Michael Steele Brings The Fail

Recently, newly-minted RNC Chair Michael Steele sat down with George Stephanopoulos and tried to argue against the economic stimulus package. How did it go? Well, see for yourself:

STEELE: You’ve got to look at what’s going to create sustainable jobs. What this administration is talking about is making work. It is creating work.

STEPHANOPOULOS: But that’s a job.

STEELE: No, it’s not a job. A job is something that — that a business owner creates. It’s going to be long term. What he’s creating…

STEPHANOPOULOS: So a job doesn’t count if it’s a government job?

(CROSSTALK)

STEELE: Hold on. No, let me — let me — let me finish. That is a contract. It ends at a certain point, George. You know that. These road projects that we’re talking about have an end point.

As a small-business owner, I’m looking to grow my business, expand my business. I want to reach further. I want to be international. I want to be national. It’s a whole different perspective on how you create a job versus how you create work. And I’m — either way, the bottom line is…

STEPHANOPOULOS: I guess I don’t really understand that distinction.

STEELE: Well, the difference — the distinction is this. If a government — if you’ve got a government contract that is a fixed period of time, it goes away. The work may go away. That’s — there’s no guarantee that that — that there’s going to be more work when you’re done in that job.

STEPHANOPOULOS: Yes, but we’ve seen millions and millions of jobs going away in the private sector just in the last year.

STEELE: But they come — yes, they — and they come back, though, George. That’s the point. When they go — they’ve gone away before, and they come back.

[Emphasis mine]

First, Steele draws a distinction between “work” and “jobs,” as if there are millions of people who are being paid to do nothing, in anticipation that there will be work for them to do in the future. It’s pretty simple—more work means more jobs.

For instance, if a construction company has 50 employees but receives contract for a job that will require 100 employees, they will hire 50 more people; thus more work creates more jobs, and that’s the type of scenario this stimulus package is designed to create nationwide.

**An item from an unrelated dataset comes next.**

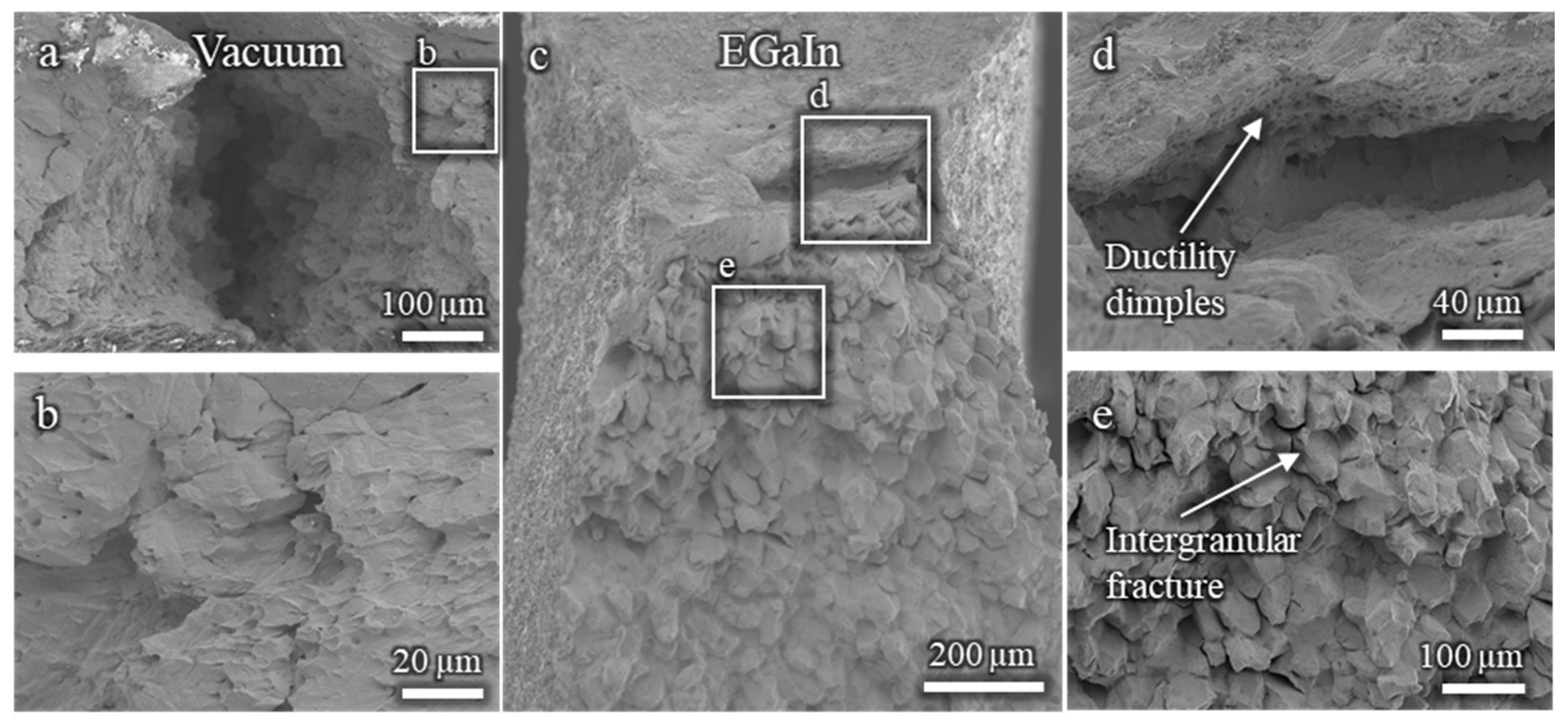 Figure A1. Fractographies of Cu-30%Zn samples tested using three-point bending: (a,b) without liquid EGaIn, showing ductile morphology; (ce) in contact with EGaIn, showing predominantly brittle intergranular fracture.

Second, Steele acts like the jobs created by the stimulus package don’t count because they’re not indefinite. By that standard, though, whose job does count? Tens of millions—if not hundreds of millions—of workers across the country could be fired or laid off at any time. Do those jobs not count, either, just because they’re indefinite?

Plus, the jobs created by the stimulus are designed to be temporary—we can’t have millions of people earning government salaries for the rest of their lives, after all. The point of the stimulus is to spur economic growth so that, when those temporary jobs end, there will be other newly-created jobs those workers can move into. The point of the economic stimulus package is, after all, to stimulate the economy, yet Steele pretends a nearly-$1 trillion investment in the economy won’t have any effect on economic growth.

Third, Steele claims that we shouldn’t even worry about losing jobs because “they come back.” Well, the reason why the job we lose “come back” at the end of a recession is because, when we enter a recession and start bleeding jobs, the government steps in and does something about it. In fact, we have a host of monetary and economic policies we can implement in order to create jobs again, one of those being economic stimulus packages like this one. Again, Steele is assuming that the economy exists in a vacuum and that the federal government doesn’t affect it, which is patently absurd.

In light of this, maybe Steele shouldn‘t have scrapped the RNC’s plans to develop a policy think tank–it’s going to be a long couple of years for him if this gibberish is the best he can come up with.